▶ [EXERCISE] Exclude the pictures, and otherwise reproduce the data in full.

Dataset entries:
__________________________________________________

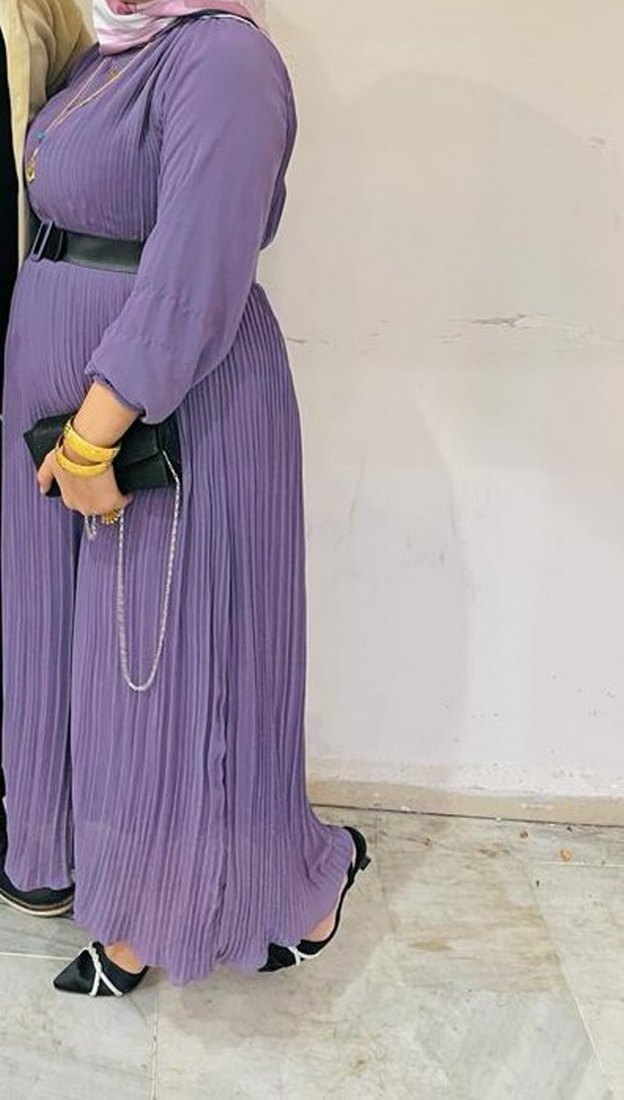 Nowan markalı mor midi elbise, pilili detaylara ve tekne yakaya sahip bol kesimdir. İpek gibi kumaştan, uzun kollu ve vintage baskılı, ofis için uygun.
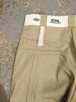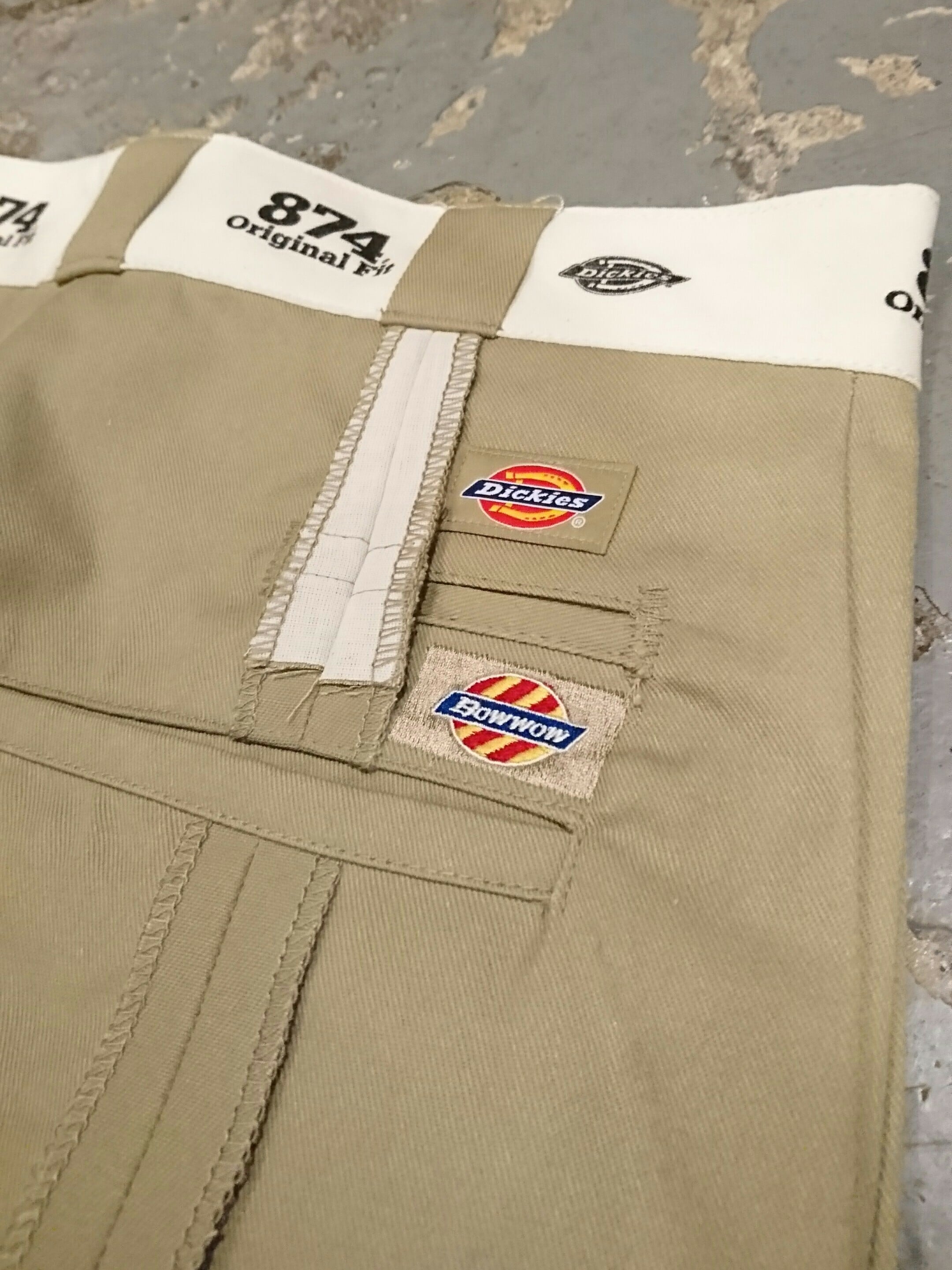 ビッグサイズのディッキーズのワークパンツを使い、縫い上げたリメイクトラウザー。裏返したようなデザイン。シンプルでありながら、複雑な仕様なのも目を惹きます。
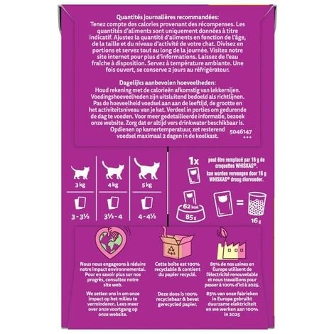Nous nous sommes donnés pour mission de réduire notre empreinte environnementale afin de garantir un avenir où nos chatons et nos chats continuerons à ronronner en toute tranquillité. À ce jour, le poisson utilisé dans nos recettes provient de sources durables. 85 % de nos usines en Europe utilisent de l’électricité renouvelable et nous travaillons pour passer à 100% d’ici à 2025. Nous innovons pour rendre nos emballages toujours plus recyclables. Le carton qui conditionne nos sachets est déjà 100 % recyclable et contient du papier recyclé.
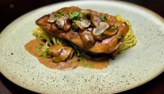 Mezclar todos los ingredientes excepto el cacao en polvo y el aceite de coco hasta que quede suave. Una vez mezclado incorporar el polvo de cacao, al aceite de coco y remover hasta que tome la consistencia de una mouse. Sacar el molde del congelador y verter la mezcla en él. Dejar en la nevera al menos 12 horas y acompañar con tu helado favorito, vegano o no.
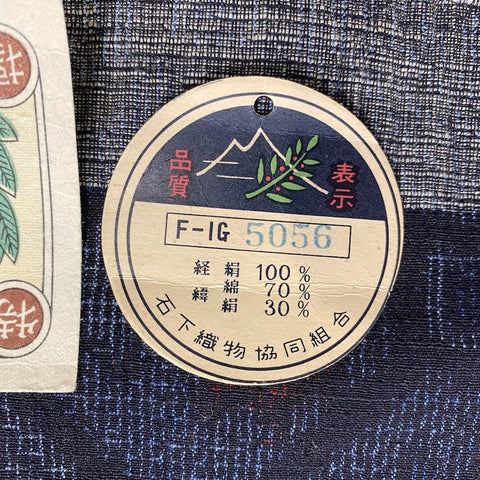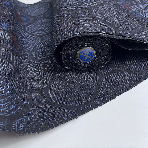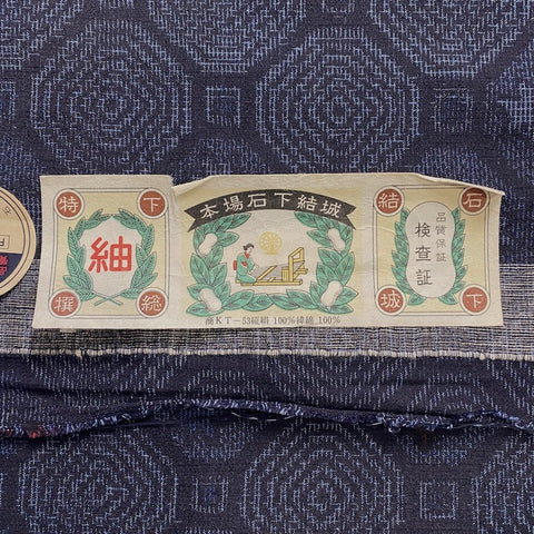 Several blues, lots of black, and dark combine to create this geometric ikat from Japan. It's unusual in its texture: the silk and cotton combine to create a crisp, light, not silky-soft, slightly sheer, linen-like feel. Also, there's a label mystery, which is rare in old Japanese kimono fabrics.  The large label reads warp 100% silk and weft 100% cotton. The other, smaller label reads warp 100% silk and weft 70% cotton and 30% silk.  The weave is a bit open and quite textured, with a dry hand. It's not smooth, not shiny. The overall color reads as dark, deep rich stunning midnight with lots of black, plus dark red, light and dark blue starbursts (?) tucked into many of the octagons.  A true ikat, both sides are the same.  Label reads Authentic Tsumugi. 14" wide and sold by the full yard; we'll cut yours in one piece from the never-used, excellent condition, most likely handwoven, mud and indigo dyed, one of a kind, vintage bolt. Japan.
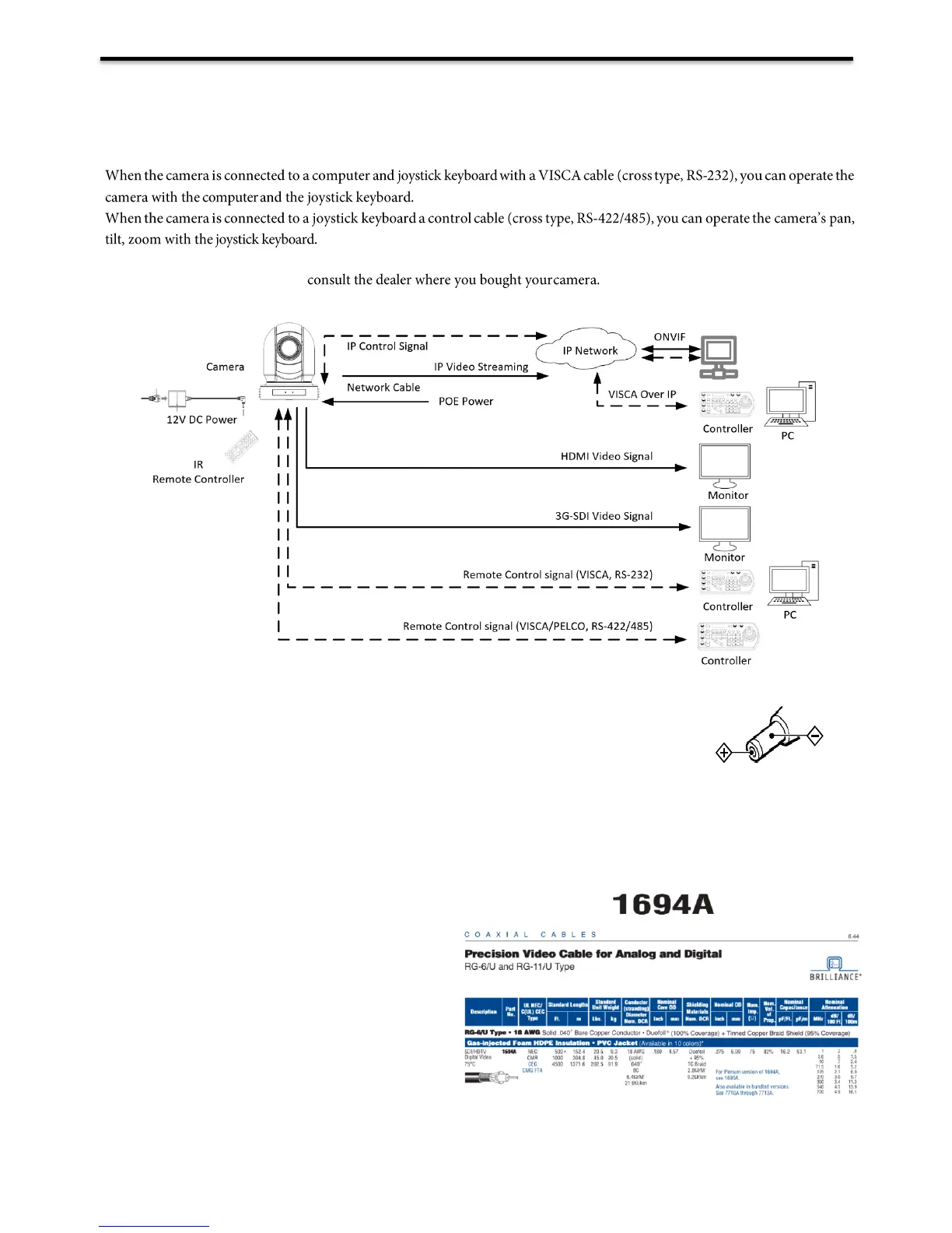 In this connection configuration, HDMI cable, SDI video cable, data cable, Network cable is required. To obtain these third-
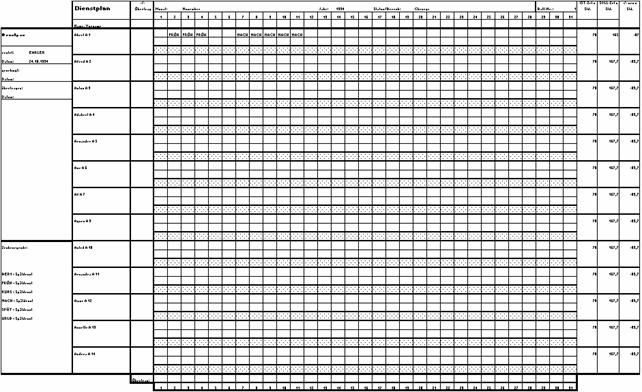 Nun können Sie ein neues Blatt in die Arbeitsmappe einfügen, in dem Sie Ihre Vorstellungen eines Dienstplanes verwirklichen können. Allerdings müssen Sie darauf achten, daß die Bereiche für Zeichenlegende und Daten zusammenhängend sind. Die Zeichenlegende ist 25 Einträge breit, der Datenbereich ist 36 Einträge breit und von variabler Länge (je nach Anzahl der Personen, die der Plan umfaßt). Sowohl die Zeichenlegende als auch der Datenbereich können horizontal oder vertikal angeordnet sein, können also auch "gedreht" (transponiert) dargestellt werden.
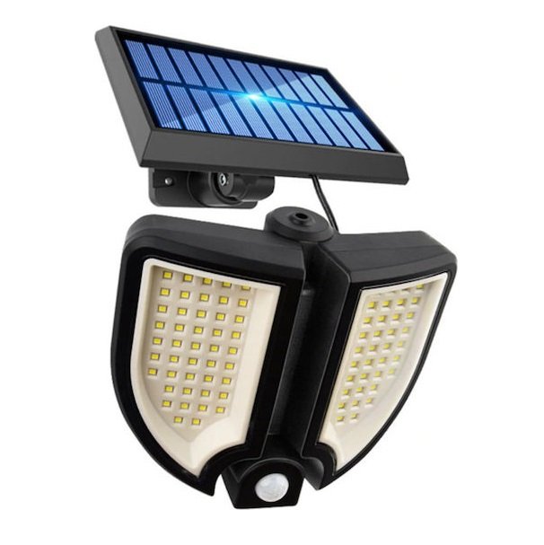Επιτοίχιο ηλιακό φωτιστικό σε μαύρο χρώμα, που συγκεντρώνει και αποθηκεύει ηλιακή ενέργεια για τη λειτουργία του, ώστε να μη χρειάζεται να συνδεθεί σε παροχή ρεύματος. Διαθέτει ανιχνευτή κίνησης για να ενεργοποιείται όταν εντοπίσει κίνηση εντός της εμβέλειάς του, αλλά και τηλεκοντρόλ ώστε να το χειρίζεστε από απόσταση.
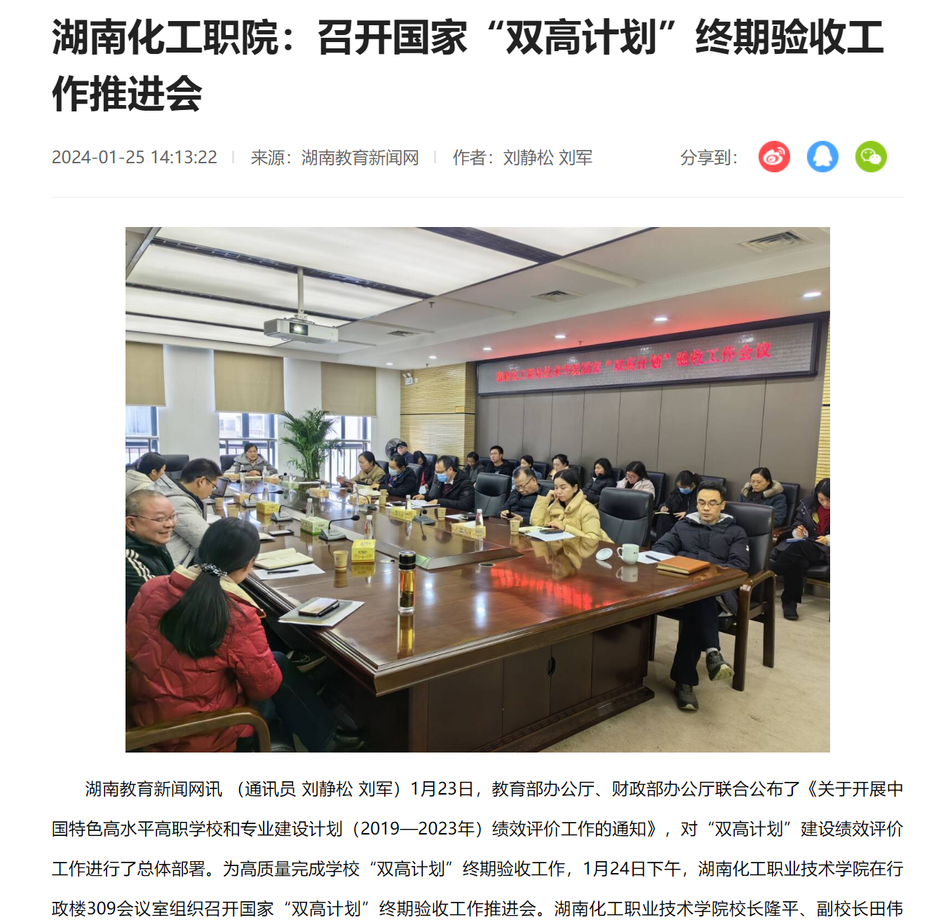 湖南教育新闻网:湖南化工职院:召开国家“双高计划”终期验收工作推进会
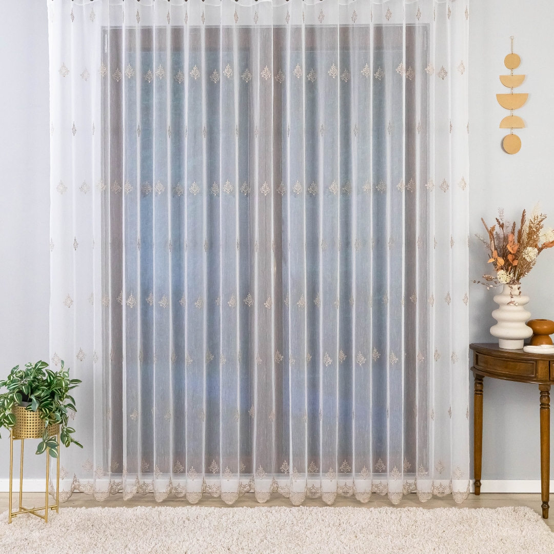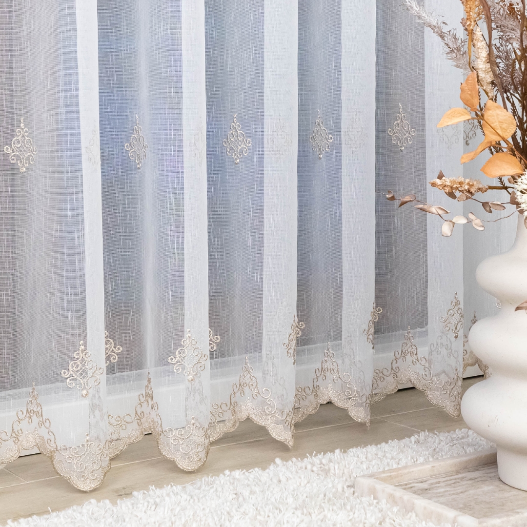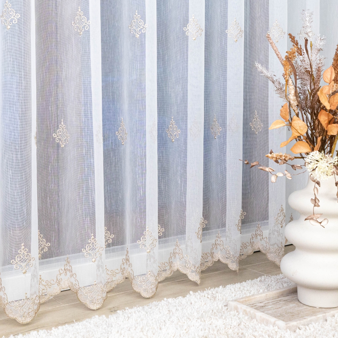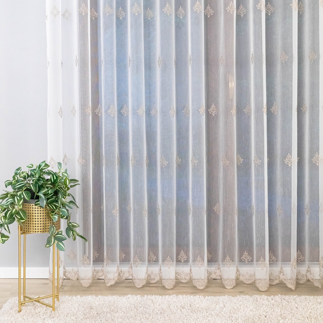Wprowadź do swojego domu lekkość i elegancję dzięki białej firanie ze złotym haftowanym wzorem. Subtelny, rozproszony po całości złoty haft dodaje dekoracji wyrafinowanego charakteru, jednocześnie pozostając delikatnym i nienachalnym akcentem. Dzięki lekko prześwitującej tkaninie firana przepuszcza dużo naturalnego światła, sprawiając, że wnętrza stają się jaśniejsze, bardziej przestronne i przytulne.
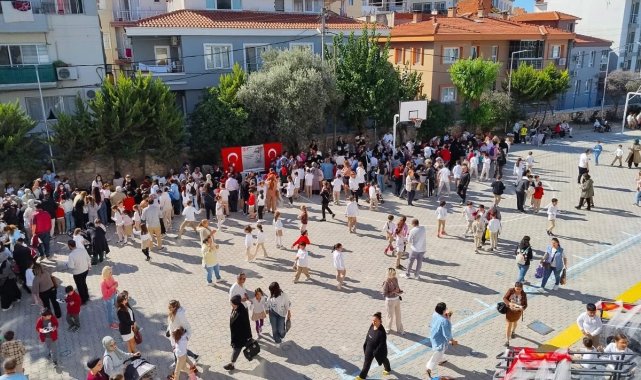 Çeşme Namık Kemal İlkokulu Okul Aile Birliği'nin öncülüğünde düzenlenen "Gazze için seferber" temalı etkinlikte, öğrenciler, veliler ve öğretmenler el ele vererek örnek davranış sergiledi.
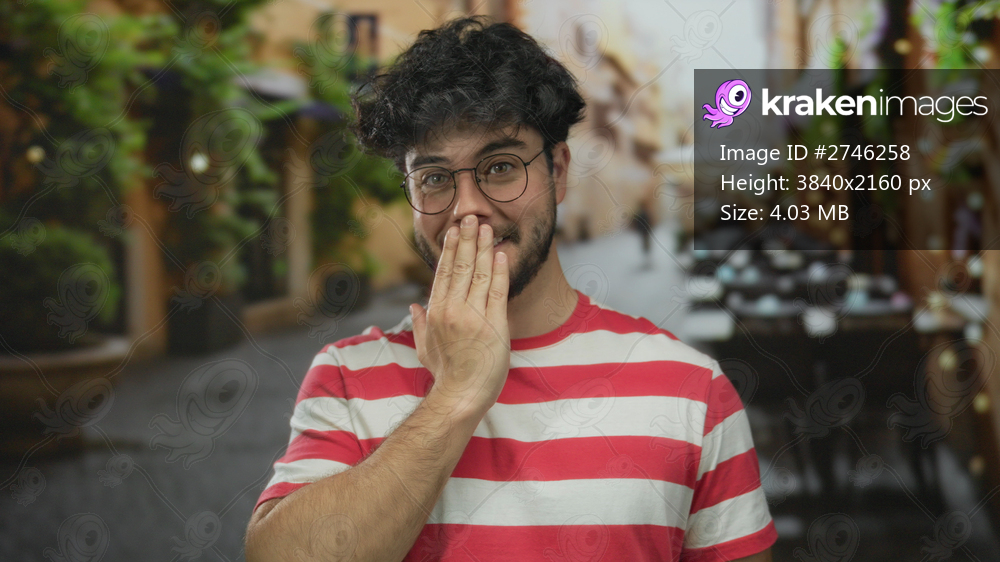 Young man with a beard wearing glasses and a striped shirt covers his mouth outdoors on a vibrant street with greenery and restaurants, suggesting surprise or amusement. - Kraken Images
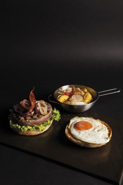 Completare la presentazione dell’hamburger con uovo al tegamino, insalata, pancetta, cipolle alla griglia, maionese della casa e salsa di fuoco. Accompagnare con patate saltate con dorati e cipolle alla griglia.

__________________________________________________

▶ [REPLY]
 Nowan markalı mor midi elbise, pilili detaylara ve tekne yakaya sahip bol kesimdir. İpek gibi kumaştan, uzun kollu ve vintage baskılı, ofis için uygun.
 ビッグサイズのディッキーズのワークパンツを使い、縫い上げたリメイクトラウザー。裏返したようなデザイン。シンプルでありながら、複雑な仕様なのも目を惹きます。
Nous nous sommes donnés pour mission de réduire notre empreinte environnementale afin de garantir un avenir où nos chatons et nos chats continuerons à ronronner en toute tranquillité. À ce jour, le poisson utilisé dans nos recettes provient de sources durables. 85 % de nos usines en Europe utilisent de l’électricité renouvelable et nous travaillons pour passer à 100% d’ici à 2025. Nous innovons pour rendre nos emballages toujours plus recyclables. Le carton qui conditionne nos sachets est déjà 100 % recyclable et contient du papier recyclé.
 Mezclar todos los ingredientes excepto el cacao en polvo y el aceite de coco hasta que quede suave. Una vez mezclado incorporar el polvo de cacao, al aceite de coco y remover hasta que tome la consistencia de una mouse. Sacar el molde del congelador y verter la mezcla en él. Dejar en la nevera al menos 12 horas y acompañar con tu helado favorito, vegano o no.
 Several blues, lots of black, and dark combine to create this geometric ikat from Japan. It's unusual in its texture: the silk and cotton combine to create a crisp, light, not silky-soft, slightly sheer, linen-like feel. Also, there's a label mystery, which is rare in old Japanese kimono fabrics.  The large label reads warp 100% silk and weft 100% cotton. The other, smaller label reads warp 100% silk and weft 70% cotton and 30% silk.  The weave is a bit open and quite textured, with a dry hand. It's not smooth, not shiny. The overall color reads as dark, deep rich stunning midnight with lots of black, plus dark red, light and dark blue starbursts (?) tucked into many of the octagons.  A true ikat, both sides are the same.  Label reads Authentic Tsumugi. 14" wide and sold by the full yard; we'll cut yours in one piece from the never-used, excellent condition, most likely handwoven, mud and indigo dyed, one of a kind, vintage bolt. Japan.
 In this connection configuration, HDMI cable, SDI video cable, data cable, Network cable is required. To obtain these third-
 Nun können Sie ein neues Blatt in die Arbeitsmappe einfügen, in dem Sie Ihre Vorstellungen eines Dienstplanes verwirklichen können. Allerdings müssen Sie darauf achten, daß die Bereiche für Zeichenlegende und Daten zusammenhängend sind. Die Zeichenlegende ist 25 Einträge breit, der Datenbereich ist 36 Einträge breit und von variabler Länge (je nach Anzahl der Personen, die der Plan umfaßt). Sowohl die Zeichenlegende als auch der Datenbereich können horizontal oder vertikal angeordnet sein, können also auch "gedreht" (transponiert) dargestellt werden.
Επιτοίχιο ηλιακό φωτιστικό σε μαύρο χρώμα, που συγκεντρώνει και αποθηκεύει ηλιακή ενέργεια για τη λειτουργία του, ώστε να μη χρειάζεται να συνδεθεί σε παροχή ρεύματος. Διαθέτει ανιχνευτή κίνησης για να ενεργοποιείται όταν εντοπίσει κίνηση εντός της εμβέλειάς του, αλλά και τηλεκοντρόλ ώστε να το χειρίζεστε από απόσταση.
 湖南教育新闻网:湖南化工职院:召开国家“双高计划”终期验收工作推进会
Wprowadź do swojego domu lekkość i elegancję dzięki białej firanie ze złotym haftowanym wzorem. Subtelny, rozproszony po całości złoty haft dodaje dekoracji wyrafinowanego charakteru, jednocześnie pozostając delikatnym i nienachalnym akcentem. Dzięki lekko prześwitującej tkaninie firana przepuszcza dużo naturalnego światła, sprawiając, że wnętrza stają się jaśniejsze, bardziej przestronne i przytulne.
 Çeşme Namık Kemal İlkokulu Okul Aile Birliği'nin öncülüğünde düzenlenen "Gazze için seferber" temalı etkinlikte, öğrenciler, veliler ve öğretmenler el ele vererek örnek davranış sergiledi.
 Young man with a beard wearing glasses and a striped shirt covers his mouth outdoors on a vibrant street with greenery and restaurants, suggesting surprise or amusement. - Kraken Images
 Completare la presentazione dell’hamburger con uovo al tegamino, insalata, pancetta, cipolle alla griglia, maionese della casa e salsa di fuoco. Accompagnare con patate saltate con dorati e cipolle alla griglia.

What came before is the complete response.